[Source material]:
◇ ◇ ◇ ◇ ◇
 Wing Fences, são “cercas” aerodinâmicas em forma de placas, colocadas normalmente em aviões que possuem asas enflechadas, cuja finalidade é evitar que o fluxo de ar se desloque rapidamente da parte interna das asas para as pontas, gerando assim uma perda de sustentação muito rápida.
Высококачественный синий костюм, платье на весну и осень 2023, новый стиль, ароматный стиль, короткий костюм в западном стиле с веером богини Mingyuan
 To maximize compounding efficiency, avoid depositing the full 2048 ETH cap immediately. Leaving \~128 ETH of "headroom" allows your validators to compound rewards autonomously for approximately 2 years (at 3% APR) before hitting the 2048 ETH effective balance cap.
◇ ◇ ◇ ◇ ◇
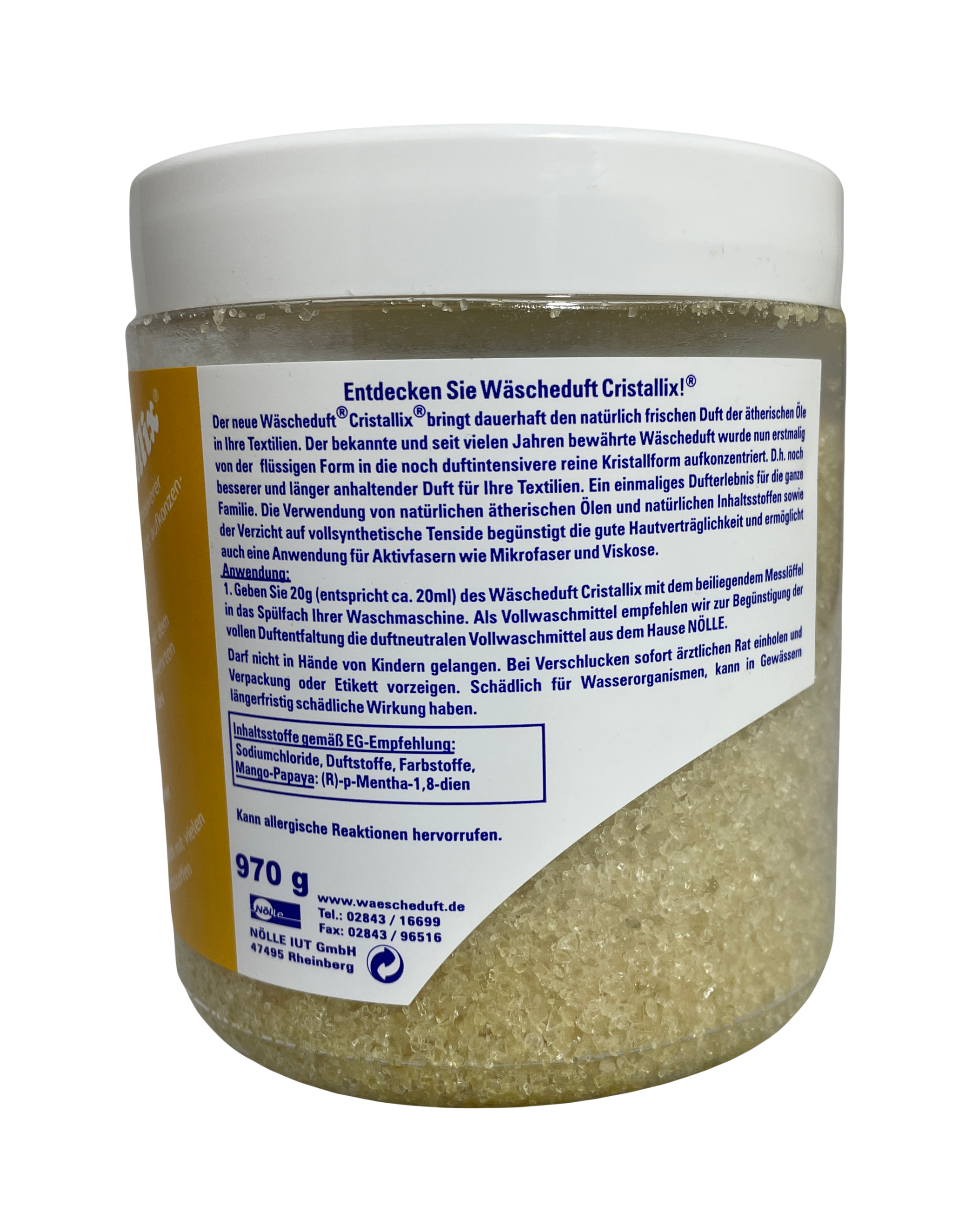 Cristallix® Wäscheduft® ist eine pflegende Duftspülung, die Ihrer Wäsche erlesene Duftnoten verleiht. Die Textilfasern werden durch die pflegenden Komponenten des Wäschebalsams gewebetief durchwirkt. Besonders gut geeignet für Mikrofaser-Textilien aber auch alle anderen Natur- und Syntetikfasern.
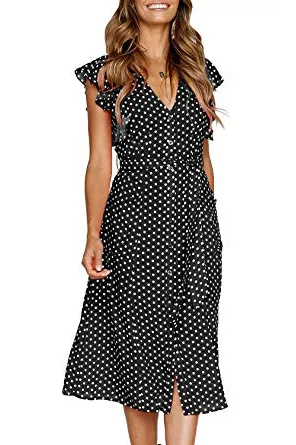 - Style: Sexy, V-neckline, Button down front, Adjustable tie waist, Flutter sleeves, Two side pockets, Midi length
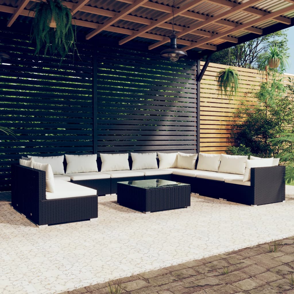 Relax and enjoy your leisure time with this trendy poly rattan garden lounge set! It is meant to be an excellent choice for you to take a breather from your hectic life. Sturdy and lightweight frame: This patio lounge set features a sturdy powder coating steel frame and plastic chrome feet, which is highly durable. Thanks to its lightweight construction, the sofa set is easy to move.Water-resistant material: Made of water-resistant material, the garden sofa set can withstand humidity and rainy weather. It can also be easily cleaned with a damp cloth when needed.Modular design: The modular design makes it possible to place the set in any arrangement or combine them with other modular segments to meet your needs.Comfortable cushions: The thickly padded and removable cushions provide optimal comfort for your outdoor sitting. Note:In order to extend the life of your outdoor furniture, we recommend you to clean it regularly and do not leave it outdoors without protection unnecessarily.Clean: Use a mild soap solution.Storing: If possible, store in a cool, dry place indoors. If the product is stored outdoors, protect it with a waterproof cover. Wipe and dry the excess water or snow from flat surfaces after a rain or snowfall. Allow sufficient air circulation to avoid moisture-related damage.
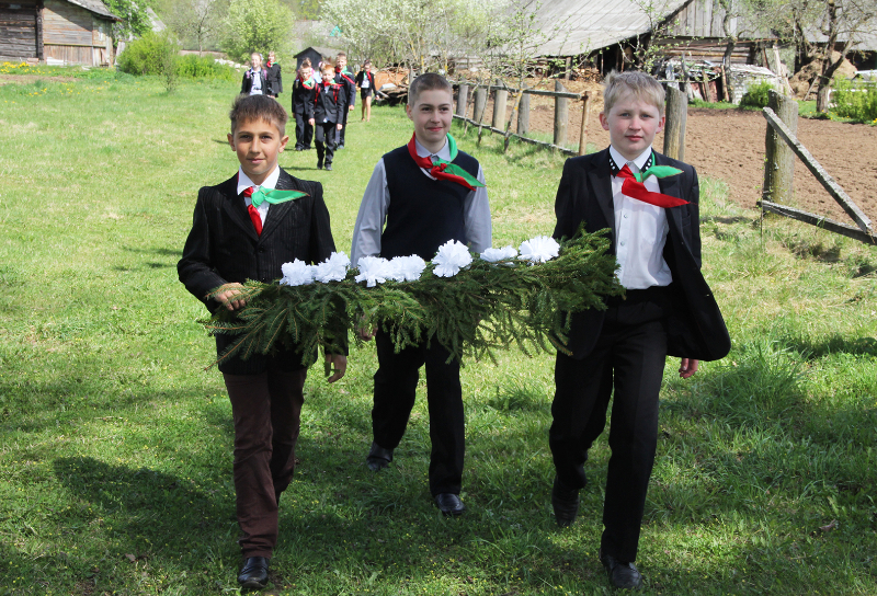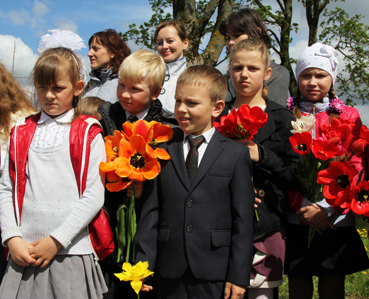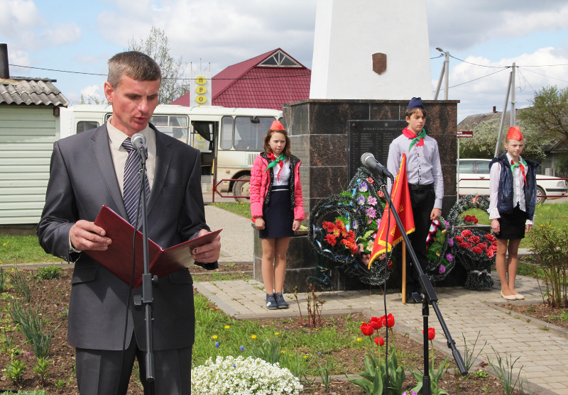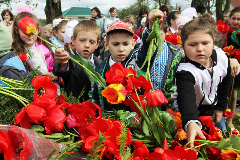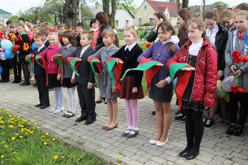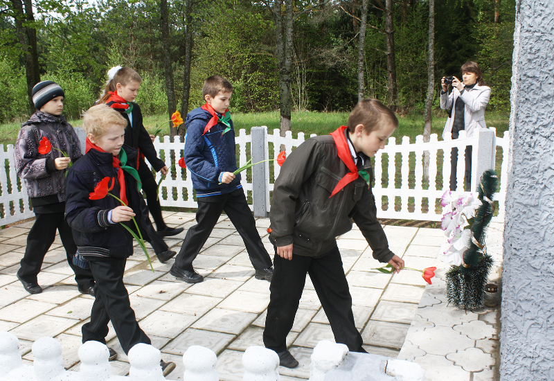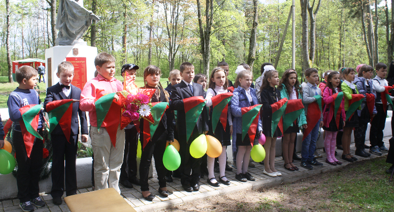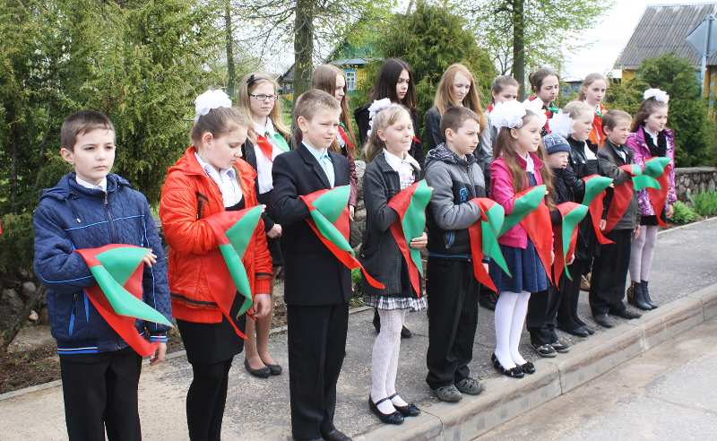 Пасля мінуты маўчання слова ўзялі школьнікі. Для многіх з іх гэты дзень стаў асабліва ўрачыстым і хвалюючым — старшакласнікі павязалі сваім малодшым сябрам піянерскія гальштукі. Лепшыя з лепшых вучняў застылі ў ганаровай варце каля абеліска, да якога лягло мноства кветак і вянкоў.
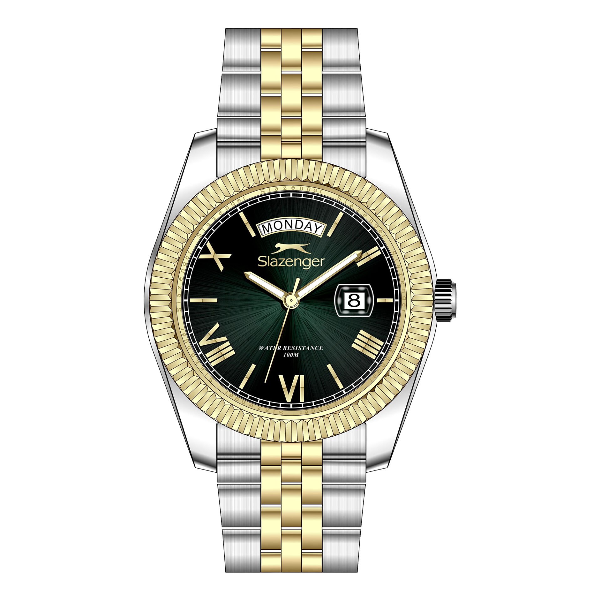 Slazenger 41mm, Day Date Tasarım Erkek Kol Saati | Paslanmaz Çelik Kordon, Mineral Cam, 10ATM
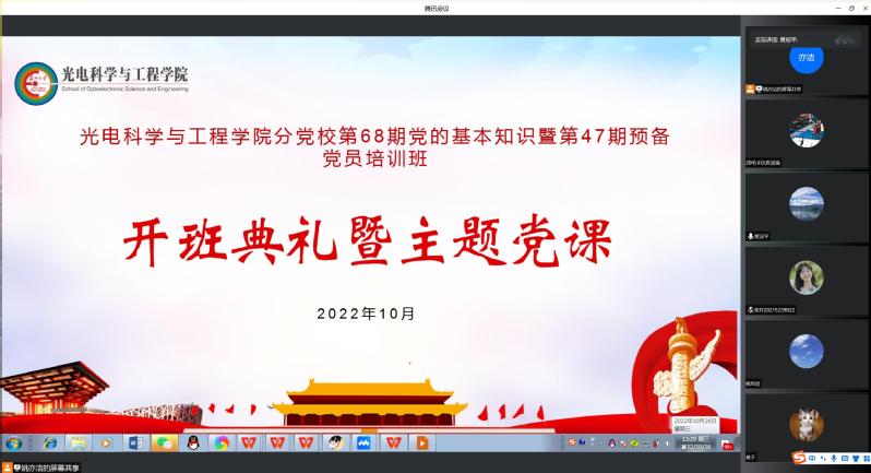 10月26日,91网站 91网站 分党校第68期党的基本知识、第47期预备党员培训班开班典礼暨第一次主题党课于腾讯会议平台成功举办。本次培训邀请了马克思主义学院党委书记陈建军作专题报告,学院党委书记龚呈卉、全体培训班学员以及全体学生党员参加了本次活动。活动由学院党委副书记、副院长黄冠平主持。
◇ ◇ ◇ ◇ ◇
[Instructions for the task]: Starting with the line above that holds "Wing Fences, são" and stopping with the line that holds "Высококачественный синий костюм, платье", reproduce each line exactly, omitting all other lines.

[Task answer]:
 Wing Fences, são “cercas” aerodinâmicas em forma de placas, colocadas normalmente em aviões que possuem asas enflechadas, cuja finalidade é evitar que o fluxo de ar se desloque rapidamente da parte interna das asas para as pontas, gerando assim uma perda de sustentação muito rápida.
Высококачественный синий костюм, платье на весну и осень 2023, новый стиль, ароматный стиль, короткий костюм в западном стиле с веером богини Mingyuan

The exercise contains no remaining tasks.